A typical large multinational corporate wants to apply standards in the following areas (at the same time, if possible): payments clearing and settlement, electronic banking, cash and treasury management (including netting and pooling), supply chain support (accounts payable and accounts receivable), ERP integration, FX and risk monitoring. The benefits are likely to be realised through the following:
Many of the recent industry developments and surveys point to the fact that the major beneficiaries of the overall standardisation of payments and bank-to-corporate connectivity will be corporates, large corporates to be precise. However, to benefit from common standards for payments and cash management, corporates have to get the best convergence and migration options from the servicing banks and the solution vendors. It may turn out that only the largest corporates – who are already driving the process of convergence to common standards, e.g. Shell, the chair of TWIST – will be able to migrate payment and cash management platforms to a common standard, optimise their service banking relationship and, consequently, capitalise on the improved infrastructure, cost per transaction and operational efficiency. For the rest, it will be a de facto migration exercise with much lower, if not only break-even, ROI.

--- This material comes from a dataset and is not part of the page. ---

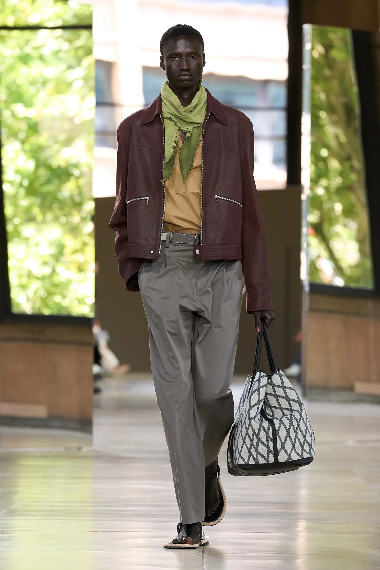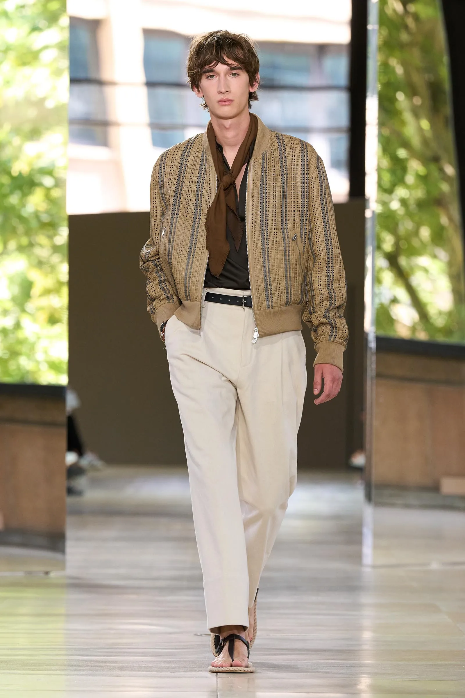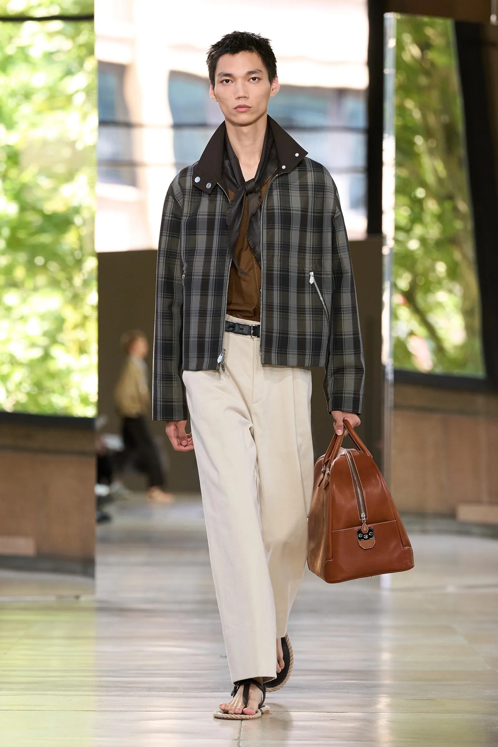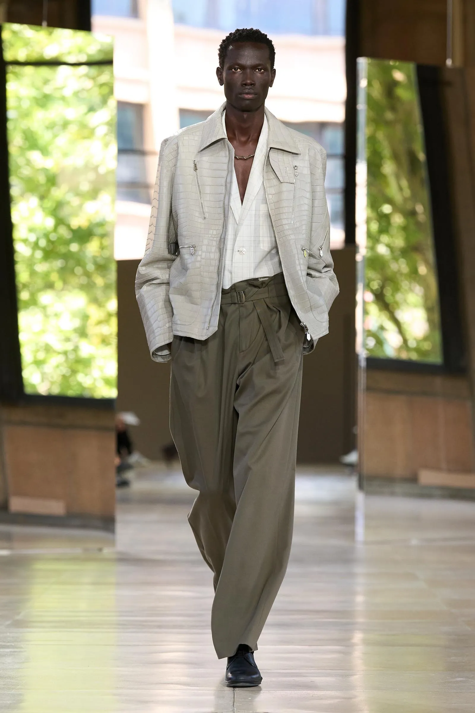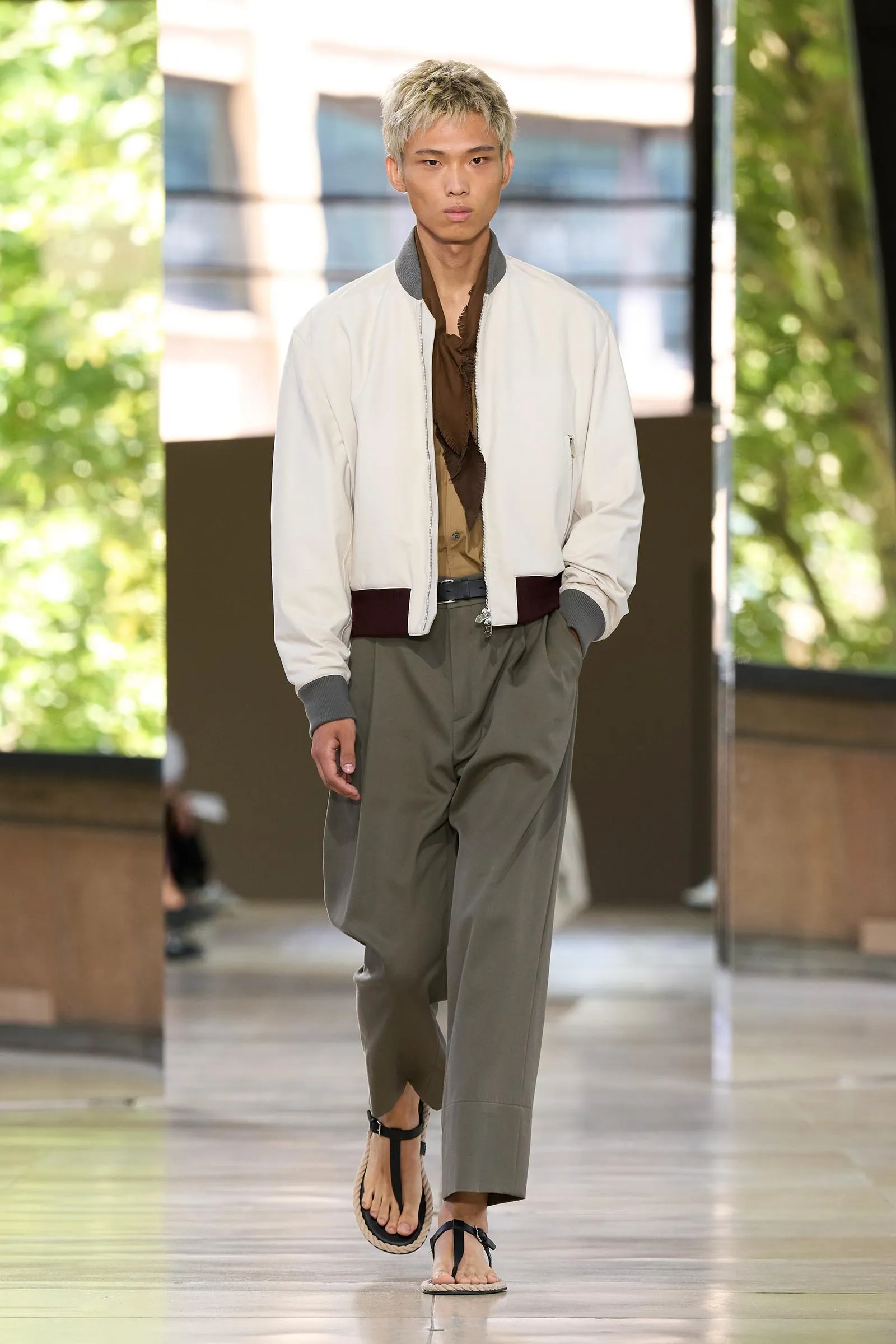 “I was looking for lightness,” Nichanian said, although, interestingly, she’d not designed it as a beachy-sporty summer vacation collection at all. Instead here was Hermès at its most Hermès: making a modern city wardrobe for a discreetly relaxed wealthy man. Mainly crafted in browns, inky-blacks and light neutrals, these were garments which passed as low-key normal but were in fact designed and made to perfection. “It’s the proportion I liked—wider trousers, shorter jackets,” Nichanian declared.

But the service (on the seller’s side) of the industry has been evolving rapidly. Small- and medium-size enterprises may find that the first stage of convergence to common standards is prohibitively expensive in terms of appropriately scaled solutions, availability of properly qualified and priced staff and burden of the ROI of the existing systems based on proprietary standards. One example is the high cost of joining a MA-CUG although the situation is changing around SWIFT access and the advance of cheaper and scalable solutions from service bureaus.

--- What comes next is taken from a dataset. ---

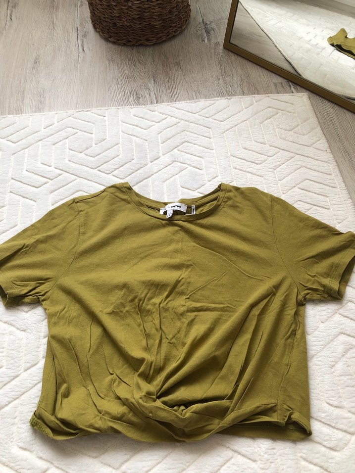 Kadın haki renk kısa kollu keten tişört, yuvarlak yaka ve bol kesim. Önde bükümlü detayla rahat ve şık bir görünüm sunar temiz kusursuz
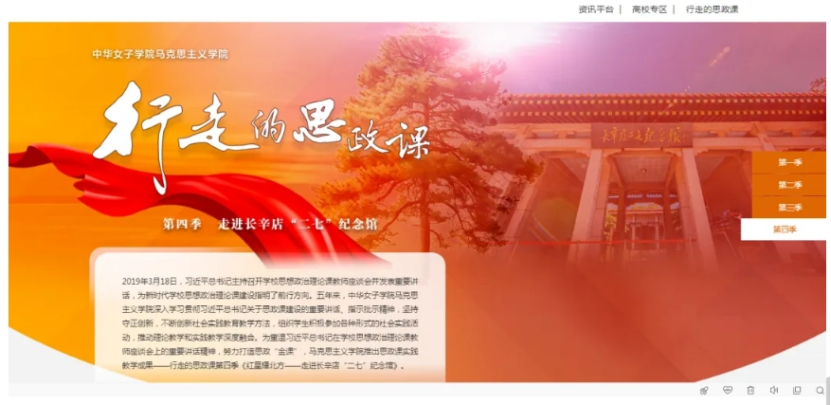 “行走的思政课”系列实践教学模式正式上线两大平台,丰富了思想政治理论课的教学素材,呈现了必赢官网积极发挥女子学院“大思政课”建设独特和丰富的女性资源优势,加强“大思政课”建设和大中小学思想政治教育一体化的优秀教学成果,已经成为在全国有一定影响力的思政课特色品牌。

The question that interests banks, corporates and vendors alike is: how long would it take to implement unified standards for bank-to-corporate connectivity and what are the chances of implementing the standards across the industry and deriving tangible benefits from standardisation?
Firstly, what solutions are required prior to major migration and convergence? For organisations that are budgeting major overhauls of their systems and applications in, for example, two year’s time a number of migration tool sets are available to convert to XML and UN/EDIFACT. For example, XML Edifact, which translates an UN/EDIFACT message into readable and valid XML and vice versa and Stylus Studio XML Enterprise Edition, which includes a EDIFACT to XML schema conversion wizard for migrating or integrating legacy systems to support new XML, XML schema and web services technologies.
The ISO Technical Committee on Financial Services (ISO/TC 68) has published the standard UNIversal Financial Industry message scheme (UNIFI) – ISO 20022. Every standardisation body, banking conglomerate and working group has agreed on the core role of ISO 20022 as a common way of using XML and a uniform business modelling methodology. SWIFT XML is now equivalent to ISO 20022 and RosettaNet payment messages also use the ISO standard. IFX, TWIST and OAGi XML standards import the ISO 20022 schema within their own wrapper. With no disparate standards to worry about, the financial industry players now only have to choose their partners, technology and channels. For banks and corporates alike, the speed of migration and the programme’s ROI are factors restrained by the organisation specific legacy infrastructure and the budgetary depth of the organisation’s pockets.
How does the industry start the migration/conversion strategy for standards? It is vital to develop and agree the organisation specific principles with regards to retaining, adopting and migrating towards new standards. In simple words: what stays, what goes and what is needed. The agreed principles must be applied ruthlessly with a site-survey on all major processes with regards to payments and cash flow and the systems, applications and auxiliary engines that facilitate these processes.
It is also important to consider the most appropriate and cost efficient operational models and transactional/communication channels that will support the future infrastructure and business. One business model may work supported by a MA-CUG assisted SWIFTNet channel. However, the same functionality may be acquired at a fraction of up-front capital expenditure and scalable future operational expenditure by signing with one of the SWIFT service bureaus. There is choice!
Are we facing the future with disparate standards for messaging and payments? For another year, at least, the answer is ‘yes’. The industry has achieved consensus on unified standards and is close to ‘perfect’ interoperability but only in theory. In practice, however, legacy, proprietary and highly customised areas of the technical and process infrastructure of individual players will dictate the choice of technology, priority of implementation/migration and budgetary expenditure.